There were 28 households, of which 28.6% had children under the age of 18 living with them, 35.7% were married couples living together, 14.3% had a female householder with no husband present, 7.1% had a male householder with no wife present, and 42.9% were non-families. 39.3% of all households were made up of individuals, and 3.6% had someone living alone who was 65 years of age or older. The average household size was 2.11 and the average family size was 2.81.

The median age in the village was 43.6 years. 20.3% of residents were under the age of 18; 3.5% were between the ages of 18 and 24; 34% were from 25 to 44; 30.6% were from 45 to 64; and 11.9% were 65 years of age or older. The gender makeup of the village was 50.8% male and 49.2% female.

===2000 census===
As of the census of 2000, there were 63 people, 28 households, and 15 families residing in the village. The population density was 714.5 PD/sqmi. There were 35 housing units at an average density of 396.9 /sqmi. The racial makeup of the village was 100.00% White.

There were 28 households, out of which 28.6% had children under the age of 18 living with them, 39.3% were married couples living together, 14.3% had a female householder with no husband present, and 46.4% were non-families. 39.3% of all households were made up of individuals, and 21.4% had someone living alone who was 65 years of age or older. The average household size was 2.25 and the average family size was 3.13.

In the village, the population was spread out, with 20.6% under the age of 18, 12.7% from 18 to 24, 22.2% from 25 to 44, 31.7% from 45 to 64, and 12.7% who were 65 years of age or older. The median age was 40 years. For every 100 females, there were 80.0 males. For every 100 females age 18 and over, there were 72.4 males.

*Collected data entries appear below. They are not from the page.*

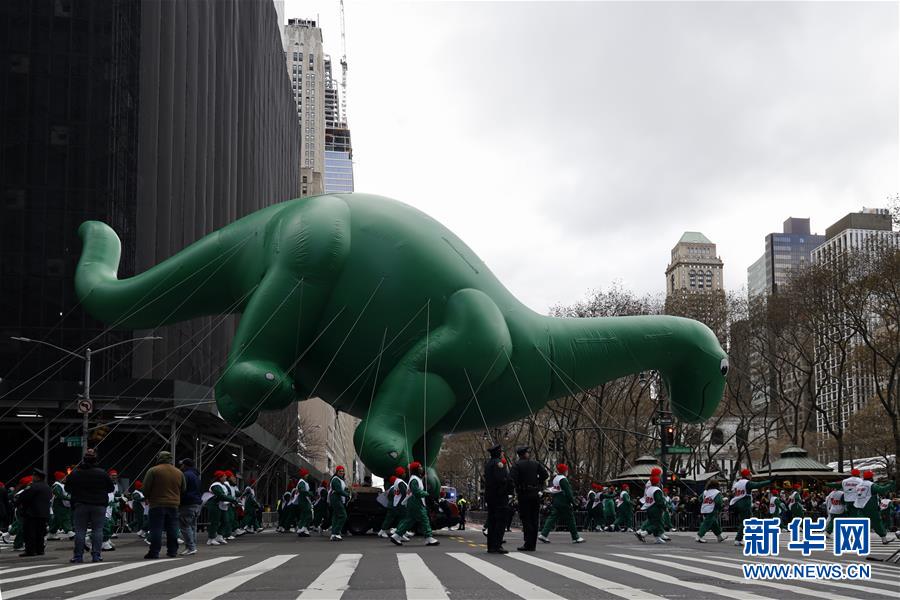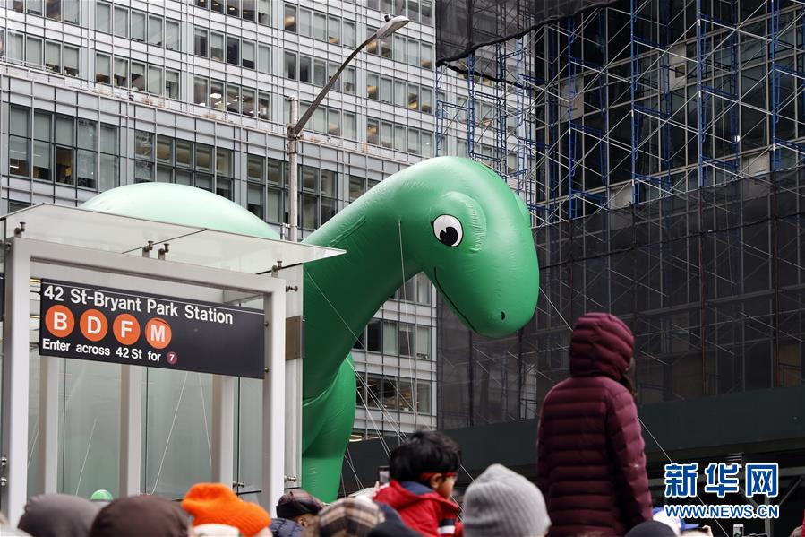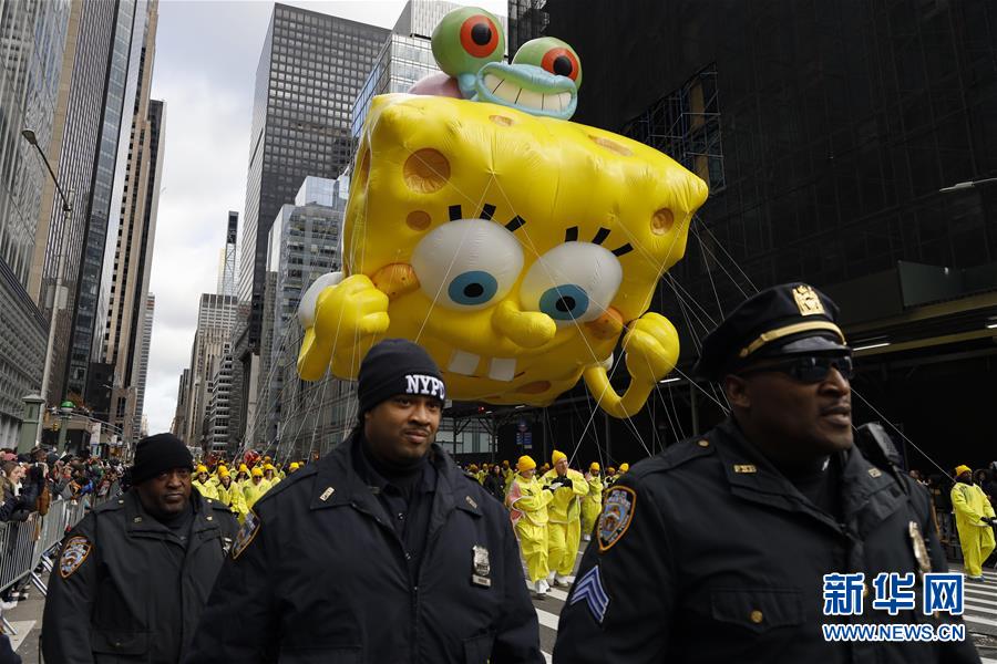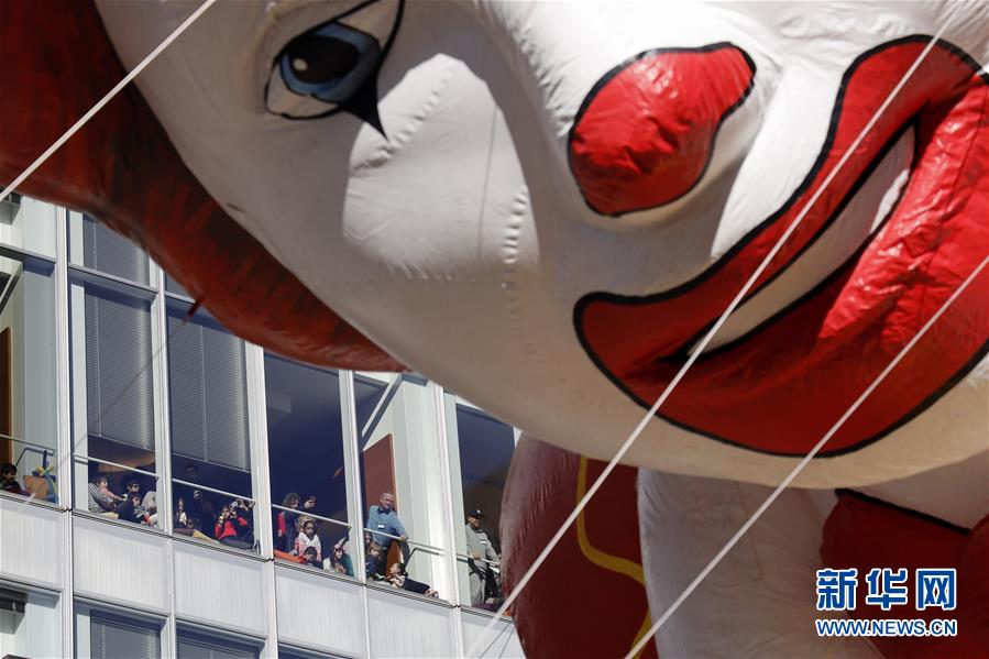 11月28日,在美國紐約舉行的感恩節(jié)大游行上,卡通氣球行進在曼哈頓街頭。 新華社記者 李木子 攝
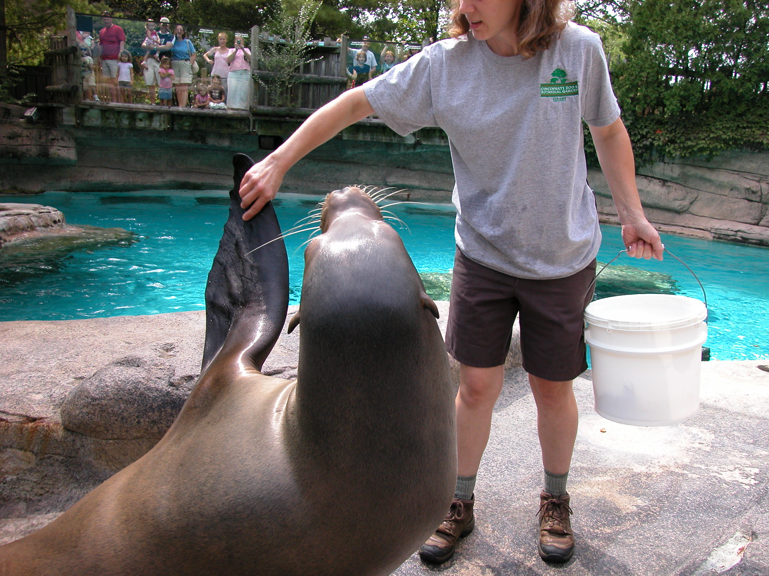 Today has not been a day mired in poop. (The day’s not over yet…) However, yesterday I got “gassed on” by a Sea Lion. I was being introduced to Duke, one of the favorite animals and quite a charismatic character. He was taking a break on the ledge not a foot from me and he passed gas in my general direction. You have to understand that Duke is a big guy:
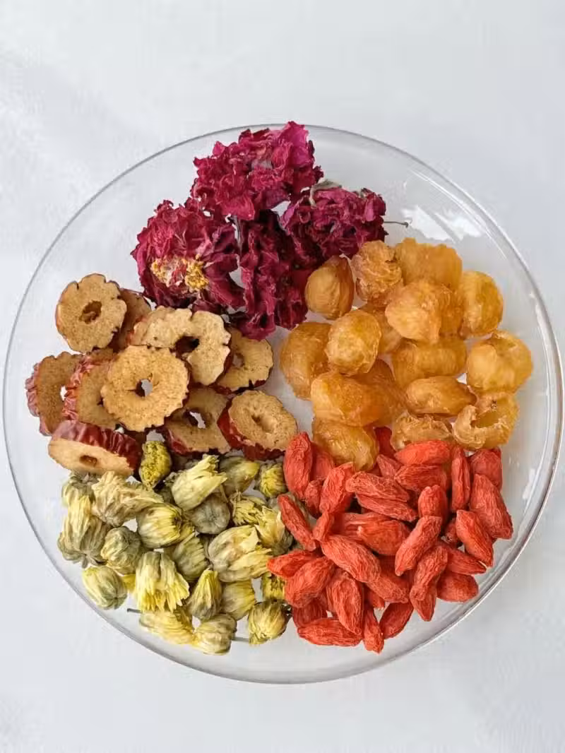 胎菊2克|玫瑰花3克|枸杞2克|桂圓3顆|紅棗2顆
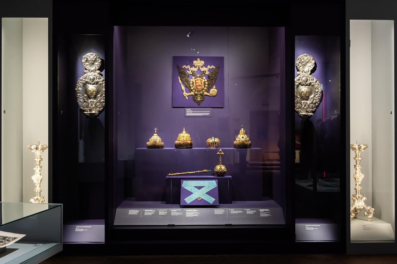 Так, на выставке можно увидеть посмертную маску Петра Великого, государственные регалии, роскошное конское убранство, доспехи, портреты и редчайшие изображения траурных кортежей, а также памятные вещи, раздававшиеся почетным гостям погребальных церемоний в ту эпоху – например, мемориальные кольца и ложки. Особое место в экспозиции также отведено богато иллюстрированным изданиям, посвященным «траурным торжествам» европейских правителей.

The median income for a household in the village was $32,188, and the median income for a family was $30,000. Males had a median income of $25,000 versus $16,250 for females. The per capita income for the village was $19,303. There were 18.8% of families and 21.1% of the population living below the poverty line, including 46.2% of under eighteens and none of those over 64.

==History==
Julian was settled by French settlers. It was named for Julian Bahuaud, an early settler from France. The first name was chosen as no one seemed to be able to pronounce his last name. In June 1899, Julian Bahuaud was murdered for his money. He lived alone about 1/2 miles south of Julian. The murder went unsolved for 14 years. In 1913 one of three men who were under suspicion had a heatstroke in Kansas. He thought he was going to die so he confessed to his part in the murder. He recovered, was brought back to Auburn where he was tried and convicted. The murderer spent the rest of his life in the Nebraska State Penitentiary.

==Education==
The school district is Auburn Public Schools.